- Born: June 27, 1927 (age 99) Santa Barbara, California
- Died: November 8, 2022 (aged 95)
- Education: UCSB, University of Utah
- Known for: Climate change skepticism
- Scientific career
- Fields: Climatology, meteorology
- Workplaces: Oregon State University
- Thesis: An airborne pollution-monitoring program in an area of complex mountain-valley terrain (1975)

= George H. Taylor (meteorologist) =

American climatologist

George H. Taylor (June 27, 1927 — November 8, 2022) was the director of the Oregon Climate Service at Oregon State University in Corvallis from 1989 until his retirement on 1 May 2008.

==Education and career==
Born in Santa Barbara, California, Taylor held a B.A. in mathematics from the University of California, Santa Barbara (1969) and a M.S. in meteorology from the University of Utah (1975). In 1989, he became the director of the Oregon Climate Service at Oregon State University (OSU); in this capacity, he tracked weather and issued long-range weather forecasts for the state of Oregon.
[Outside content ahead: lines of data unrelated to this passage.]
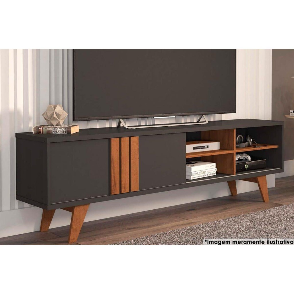 Rack Bancada p/ TV até 60 Pol Paraty c/ 1 Porta e 4 Nichos 180cm Cinamomo/Off White - Permóbili
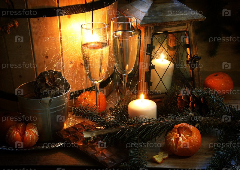 Новогодний натюрморт с шампанским и шоколадом
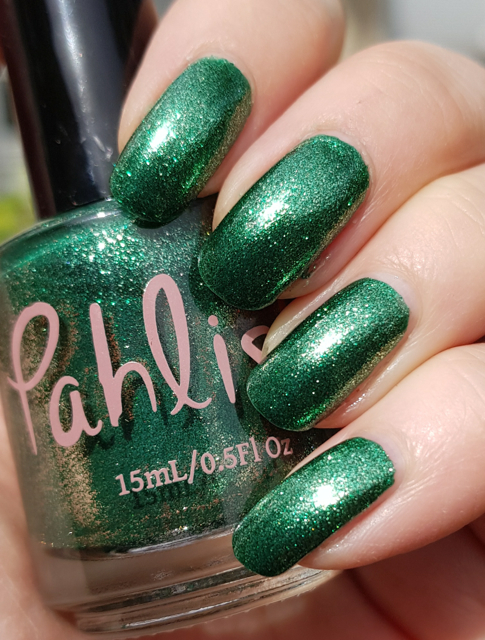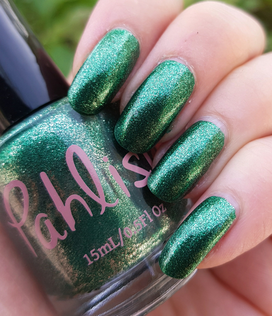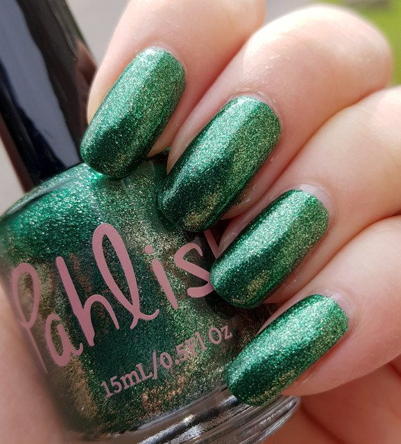 Pahlish har kommit med ett gäng lack med Harry Potter/Fantastic Beasts-tema, och jag köpte på mig två av dem i höstas. Det första jag bar är Grindelwald, ett fint gråtonat lila med små guldflakes. Den här typen av lack är trevliga att bära emellanåt, tycker jag, som en omväxling till alla mörka och klara färger jag annars har. Det här är snyggt och lite speciellt utan att vara för påträngande eller tråkigt. Jag gillar det!
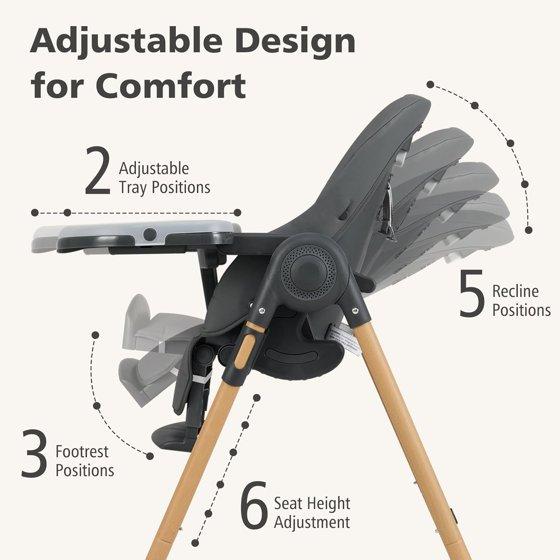 - Adjustable & Multifunctional Design: INFANS foldable highchair features multiple adjustments to meet various needs. 3 recline positions, 3 footrest positions, 2 tray positions and 6 height positions allow you to accommodate your baby’s growth
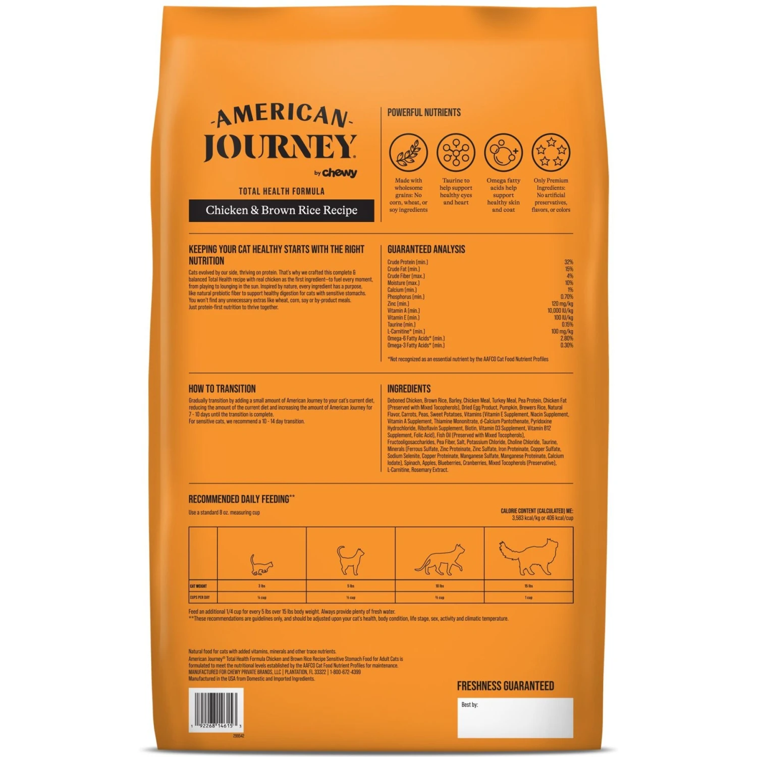 American Journey Sensitive Stomach Total Health Formula Chicken & Brown Rice Recipe Dry Cat Food, 15lb Bag
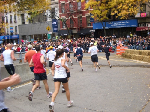 Dann geht es mit Schwung bergab nach Manhattan hinein. Scharfe Linkskurve, an der Seite liegen Strohbüschel, falls einer die Kurve nicht kriegt, dann stehen die Zuschauer hinter den Absperrungen in mehreren Reihen.
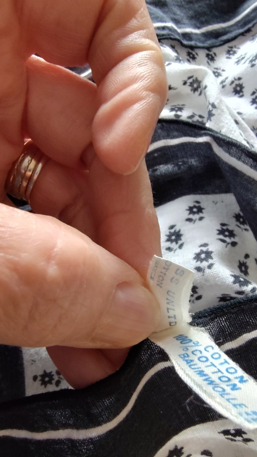 Ray Strauss Unltd Black/Ivory Micro Daisy Square Cotton Scarf....25x26..France
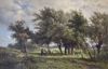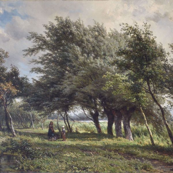 Houtsprokelaars in landschap. Doek, 44 x 69.
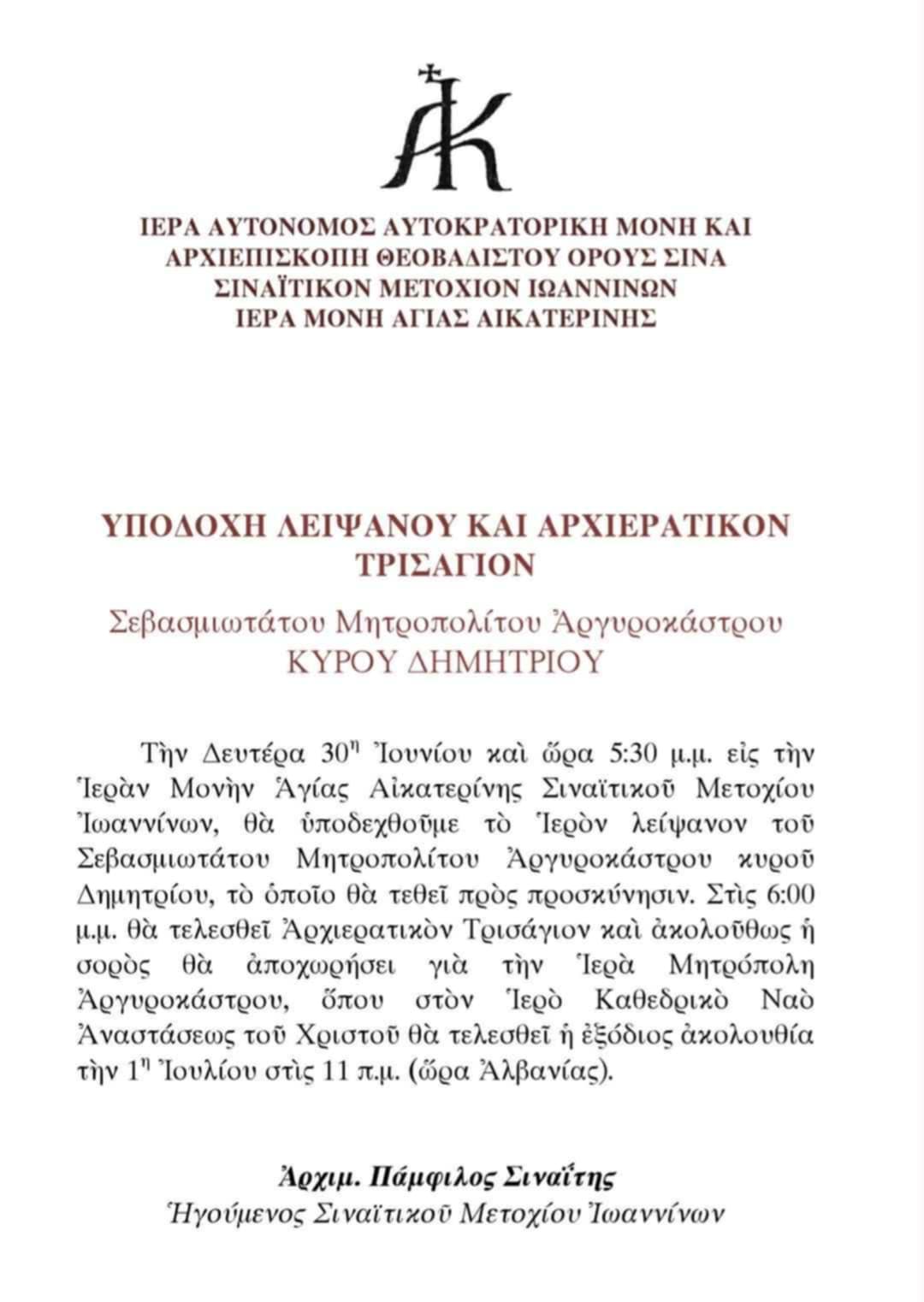Την Δευτέρα 30 Ιουνίου καὶ ὥρα 5:30 μ.μ. εἰς τὴν Ἱερὰν Μονὴν Ἁγίας Αικατερίνης Σιναϊτικοῦ Μετοχίου Ἰωαννίνων, θὰ ὑποδεχθοῦμε τὸ Ἱερὸν λείψανον τοῦ Σεβασμιωτάτου Μητροπολίτου Αργυροκάστρου κυροῦ Δημητρίου, τὸ ὁποῖο θὰ τεθεῖ πρὸς προσκύνησιν.
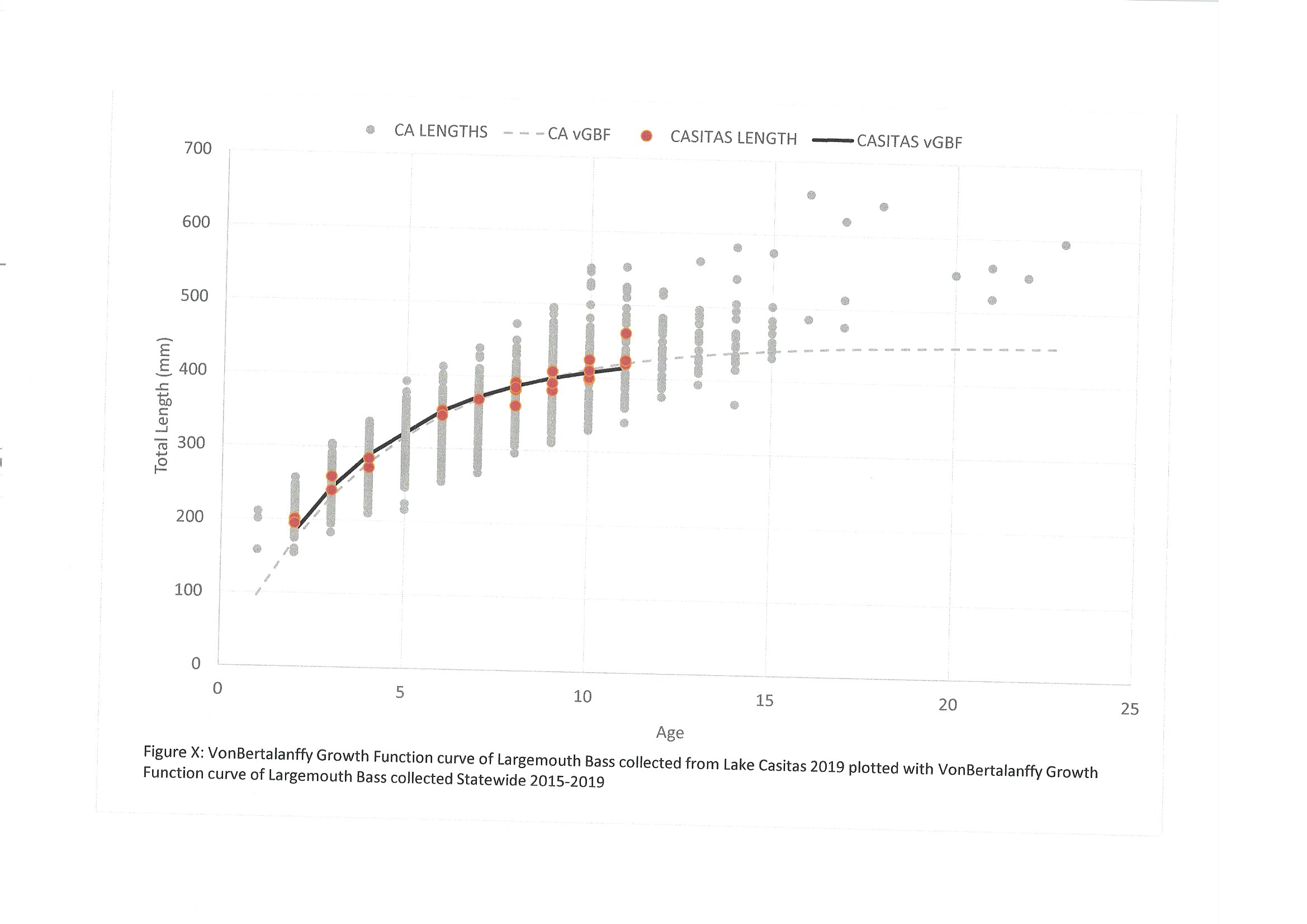 Growth rate of LMB at Casitas is middle of the road average when compared to LMB sampled throughout the State....which is horrible relative to what it used to be Statewide. The graph below illustrates the Von Bertalanffy Growth Curve for Casitas plotted against the vBGF of LMB collected Statewide from age/length data collected for Mercury consumption recommendations. You will notice the L inf isn't even 18". Though the sample size is <30 fish from Casitas it's pretty telling. Given all of the ecological variables that occurred and continue to occur the biggest change from "the good ole' days" is the "C&R everything" mentality.
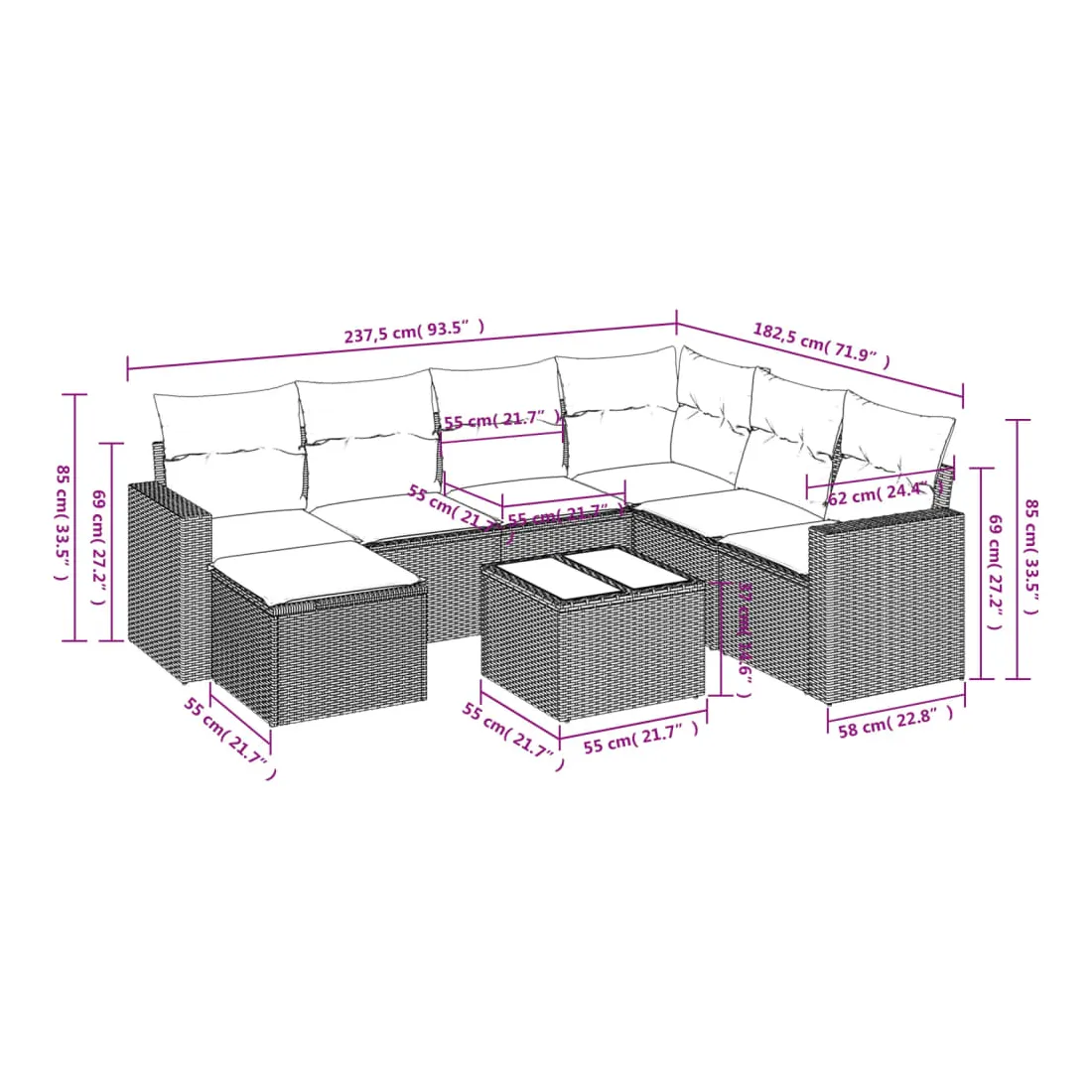 - Dimensions du coussin de siège : 55 x 55 x 3 cm (l x P x é)
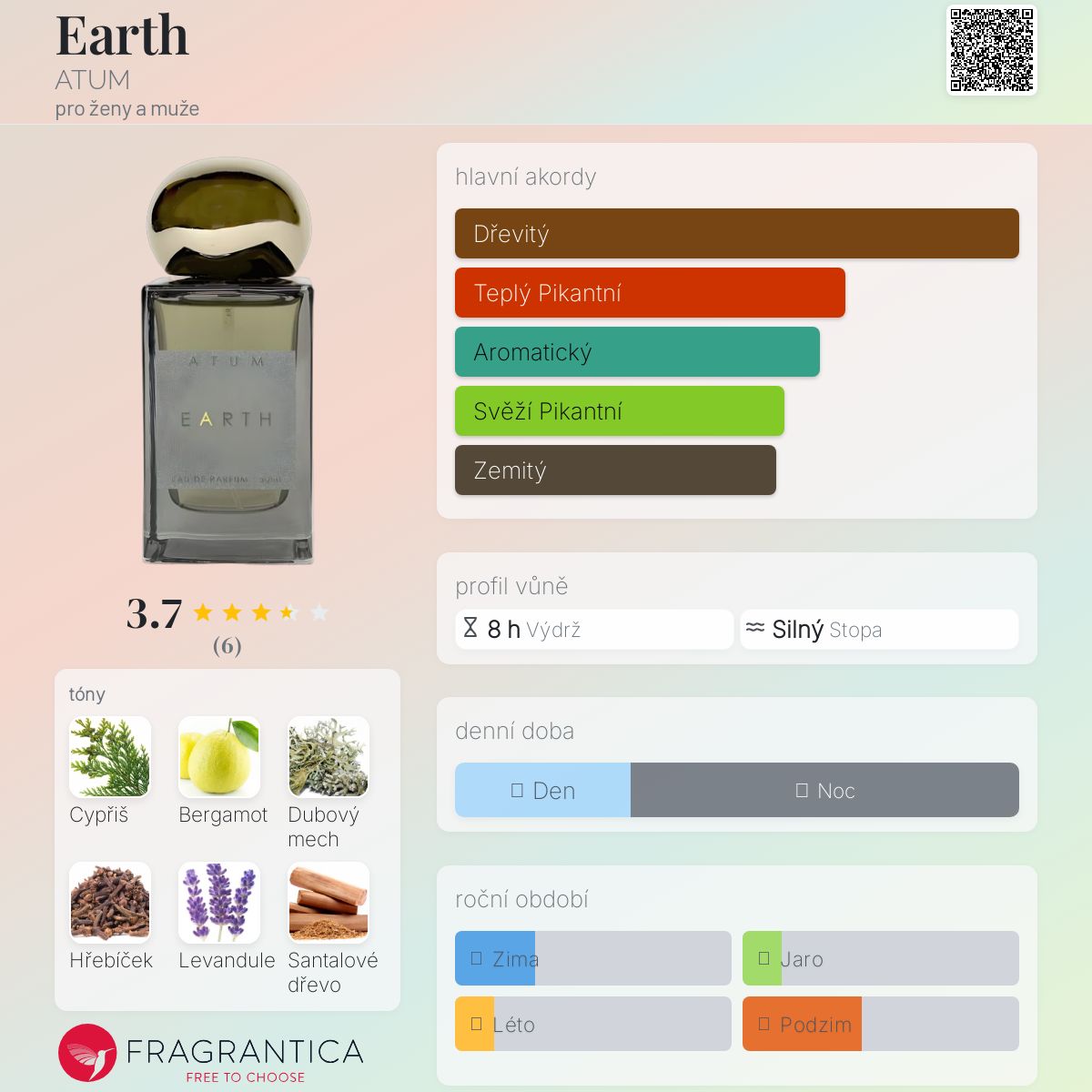 Earth podle ATUM je Woody Aromatic vůně pro ženy a muže. Earth byl/a uveden/a v roce 2021. "Nosem" za touto vůní je Kristin Scott.
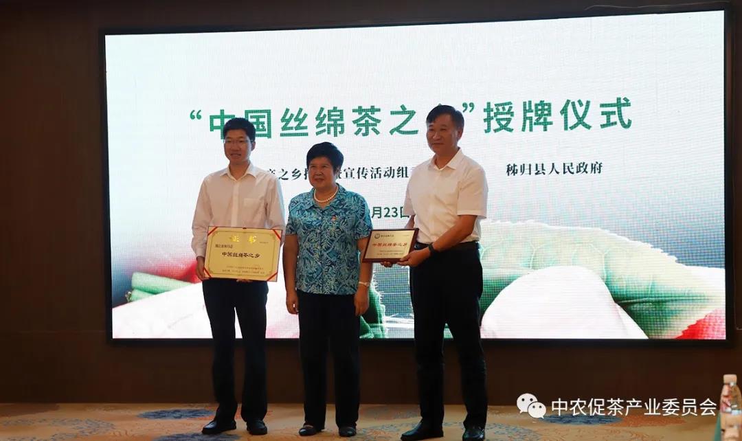 会议期间还开展了授牌仪式,经秭归县人民政府申报,中国特产之乡推荐宣传活动组委会经过书面材料初审、实地调研、专家审评,最终同意授予秭归县“中国丝绵茶之乡”荣誉称号。
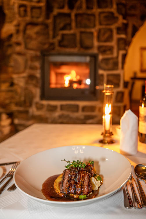 Named after the famous 1920s locomotive, The Flying Scotsman restaurant offers a fine-country culinary journey. Our daily-crafted, four-course set dinner menu showcases local, seasonal ingredients in an intimate setting. The charming dining room, with its fireplaces, white linen, and silverware, creates a sophisticated yet inviting atmosphere. To maintain this, we welcome children ages 12 and over.
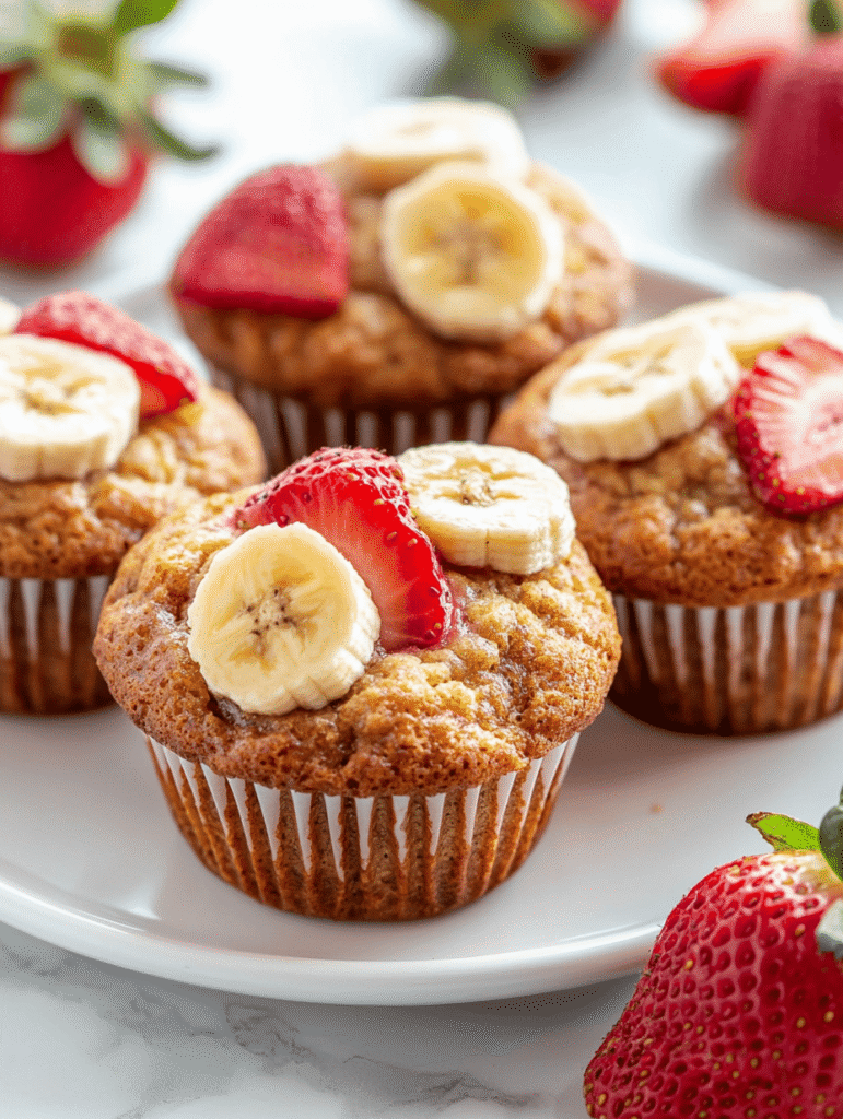 These muffins are made with mashed bananas and chopped strawberries mixed into a moist batter, then baked until golden and tender. The result is a soft, light muffin with visible fruit pieces, offering a sweet and fruity flavor profile and a fluffy texture.

Beginning in 1991, he was popularly known as "Oregon's state climatologist." However, in 2007, the then-governor of Oregon, Ted Kulongoski, said that there was no such position in the state and demanded that Taylor stop using such a title, saying "he's not my weatherman".

Taylor was also the president of the American Association of State Climatologists from 1998 to 2000. In 2008, after he retired from OSU, he founded, and became the president of, the consulting firm Applied Climate Services.

==Views on global warming==
Taylor expressed a skeptical position on global warming. While his position was at odds with the scientific consensus on the topic, he argued that "consensus in science doesn't really mean much. What matters is the truth. Often consensus is wrong." Taylor considered global warming to be primarily caused by natural variability, not human activity, though he acknowledged that both have played a role. In 2005, Taylor testified before the Environment Committee of the Oregon House of Representatives in opposition to a bill that would increase the fuel efficiency standards for automobiles in Oregon to match California's. In his testimony, he said, "I believe the effect of greenhouse gas is a relatively minor one," and "I really believe natural variation and natural factors are a bigger cause of climate change than you and I."

==Personal life==
Taylor was a vegetarian, rode a bike to Oregon State University when he worked there, and engaged in many environmentalist practices.

== Death ==
Taylor died November 8, 2022 suffering from Parkinson's Disease and Lewy Body Dementia.